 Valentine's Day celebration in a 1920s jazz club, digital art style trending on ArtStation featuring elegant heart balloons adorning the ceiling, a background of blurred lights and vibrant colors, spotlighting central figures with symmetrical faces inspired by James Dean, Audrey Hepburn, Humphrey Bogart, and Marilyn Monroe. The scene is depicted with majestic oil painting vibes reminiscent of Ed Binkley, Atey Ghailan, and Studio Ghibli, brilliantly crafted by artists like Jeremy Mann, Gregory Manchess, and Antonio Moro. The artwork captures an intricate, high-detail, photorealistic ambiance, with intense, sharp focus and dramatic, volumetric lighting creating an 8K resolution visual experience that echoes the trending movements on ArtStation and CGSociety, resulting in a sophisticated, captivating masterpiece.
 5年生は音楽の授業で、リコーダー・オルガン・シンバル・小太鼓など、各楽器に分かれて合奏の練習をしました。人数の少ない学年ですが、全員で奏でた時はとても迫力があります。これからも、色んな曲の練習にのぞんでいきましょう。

────────────────

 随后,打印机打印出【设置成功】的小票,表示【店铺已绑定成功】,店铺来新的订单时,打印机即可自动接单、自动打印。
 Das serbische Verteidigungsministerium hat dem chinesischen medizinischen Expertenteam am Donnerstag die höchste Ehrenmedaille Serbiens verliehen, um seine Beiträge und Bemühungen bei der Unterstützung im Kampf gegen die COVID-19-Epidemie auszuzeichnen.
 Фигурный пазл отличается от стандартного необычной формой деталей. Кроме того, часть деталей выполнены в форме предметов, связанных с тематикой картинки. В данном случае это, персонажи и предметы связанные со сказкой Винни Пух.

────────────────

● WHAT YOU ARE ASKED TO DO
The response must hold only the lines above from the line with "Valentine's Day celebration" through the line with "5年生は音楽の授業で、リコー", each copied exactly, both ends kept.

● TASK OUTPUT
 Valentine's Day celebration in a 1920s jazz club, digital art style trending on ArtStation featuring elegant heart balloons adorning the ceiling, a background of blurred lights and vibrant colors, spotlighting central figures with symmetrical faces inspired by James Dean, Audrey Hepburn, Humphrey Bogart, and Marilyn Monroe. The scene is depicted with majestic oil painting vibes reminiscent of Ed Binkley, Atey Ghailan, and Studio Ghibli, brilliantly crafted by artists like Jeremy Mann, Gregory Manchess, and Antonio Moro. The artwork captures an intricate, high-detail, photorealistic ambiance, with intense, sharp focus and dramatic, volumetric lighting creating an 8K resolution visual experience that echoes the trending movements on ArtStation and CGSociety, resulting in a sophisticated, captivating masterpiece.
 5年生は音楽の授業で、リコーダー・オルガン・シンバル・小太鼓など、各楽器に分かれて合奏の練習をしました。人数の少ない学年ですが、全員で奏でた時はとても迫力があります。これからも、色んな曲の練習にのぞんでいきましょう。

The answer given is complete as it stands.